Помолвка Деми была известна только в тесном семейном кругу, так как и жених, и невеста были слишком молоды и им предоставлялось право только любить друг друга и ждать. Они были так счастливы, что время словно остановилось для них, но после блаженной недели, проведенной вместе, Алиса отправилась домой к своим обязанностям, полная светлых надежд на будущее, а Джон с новым рвением вернулся к своему делу.

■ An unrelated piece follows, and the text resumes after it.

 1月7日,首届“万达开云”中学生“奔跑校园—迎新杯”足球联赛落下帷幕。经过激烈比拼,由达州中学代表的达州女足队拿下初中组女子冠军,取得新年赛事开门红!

Дейзи радовалась за них и всегда с интересом выслушивала планы брата на будущее. Надежда, ожившая в ее душе, снова превратила ее в прежнюю веселую Дейзи, у которой для каждого находилась улыбка и доброе слово. Дом опять огласился ее пением, и миссис Мегги была счастлива счастьем дочери.
В душе она таила еще кое-какие сомнения, но благоразумно оставляла их при себе, намереваясь подвергнуть Ната после его возвращения строгому испытанию и зорко следя за письмами, получаемыми из Лондона. Кое-что, по-видимому, передалось ему за море, и настроение Дейзи получило отражение в бодрых и веселых письмах Ната.

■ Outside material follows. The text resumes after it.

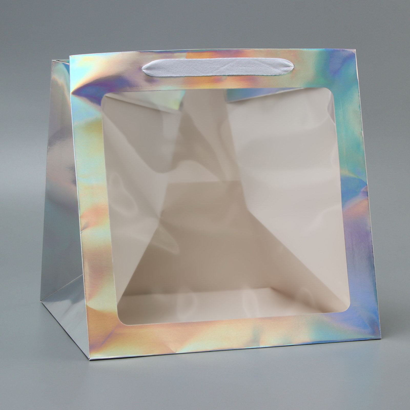 Пакет для торта с квадратным дном и окном, голографический, 30x30x30 см, UPAK LAND, Китай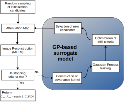 翻译:光衰减和散射是影响SPECT在脑成像应用中的诊断质量的两个主要物理因素。在这项工作中,我们介绍了一种新型的Bayesian优化方法,用于SPECT脑成像中的减速校正(BOAC)。BOC使用先前的模型,对头部几何进行模拟,并利用高性能计算法(HPC)重建减速校正图像,而无需事先从补充的CT扫描中获得解剖信息。BOCAC在SPECT脑成像中显示的是用从数字幻影模拟的噪音和减速的罪理图。用拟议方法获得的图象质量与通过使用适当的图像质量衡量法在不减速的情况下获得的图象质量进行了比较。定量结果显示,BOCC有能力提供与非加速校正的MLEM图像相比,显示更高对比度和较少背景文物的图像。

Побывав в роли Вертера и Фауста, обо всех впечатлениях которого он писал своей Маргарите, он теперь чувствовал себя Вильгельмом Мейстером[28], отданным в учение великому преподавателю — жизни. Так как Дейзи знала о его маленьких грехах и искреннем раскаянии, она только смеялась над той смесью любви и философии, которую он присылал ей, зная, что молодой человек не мог жить в Германии, не заразившись немецким духом.

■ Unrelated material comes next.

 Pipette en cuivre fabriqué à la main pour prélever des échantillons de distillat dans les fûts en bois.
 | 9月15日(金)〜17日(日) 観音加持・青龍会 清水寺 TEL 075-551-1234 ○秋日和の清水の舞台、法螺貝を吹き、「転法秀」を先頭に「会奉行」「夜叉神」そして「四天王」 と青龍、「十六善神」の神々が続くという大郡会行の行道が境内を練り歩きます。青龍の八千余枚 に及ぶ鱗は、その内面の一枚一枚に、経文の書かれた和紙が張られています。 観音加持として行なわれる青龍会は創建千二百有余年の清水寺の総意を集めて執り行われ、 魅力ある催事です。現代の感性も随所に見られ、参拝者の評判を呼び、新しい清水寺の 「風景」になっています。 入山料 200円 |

— Сердце его в порядке, а голова скоро освежится, когда он выберется из той атмосферы табака, пива и метафизики, где он жил все это время. Англия пробудит в нем здравый смысл, а свежий соленый воздух рассеет всю эту ерунду, — сказала миссис Джо, очень довольная хорошим будущим, открывавшимся ее скрипачу, возвращение которого откладывалось до весны.
Джози провела целый месяц с миссис Камерон на морском берегу и вложила в свои уроки столько таланта, усердия и терпения, что между девочкой и артисткой завязалась прочная дружба, которую обе сохранили на всю жизнь. Предчувствие Джози не обмануло ее, и прирожденный драматический талант Марчей сделал из нее знаменитую актрису, пользовавшуюся всеобщей любовью и уважением.
Том и Дора мирно готовились к свадьбе. Бэнгз-старший так опасался, что его сын снова изменит свое решение и возьмется за какую-нибудь третью профессию, что охотно согласился на его ранний брак, надеясь таким образом сдержать порывы непоседливого Тома. Сам Том не имел больше основания жаловаться на холодность, ибо Дора обожала его всей душой и так искусно умела с ним ладить, что он больше никогда не попадал в неловкое положение. У него оказался положительный талант к коммерческому делу, и можно было надеяться, что он многого достигнет на этом поприще.
— Мы обвенчаемся в августе и покуда поселимся с отцом. Он становится стар, и мы с женой должны ухаживать за ним. Со временем у нас, конечно, будет самостоятельное дело.
Такими речами Том любил угощать своих слушателей. Слушая его, никто не мог удержаться от улыбки, так как всякому, кто знал Тома Бэнгза, было трудно представить его стоявшим во главе ответственного предприятия.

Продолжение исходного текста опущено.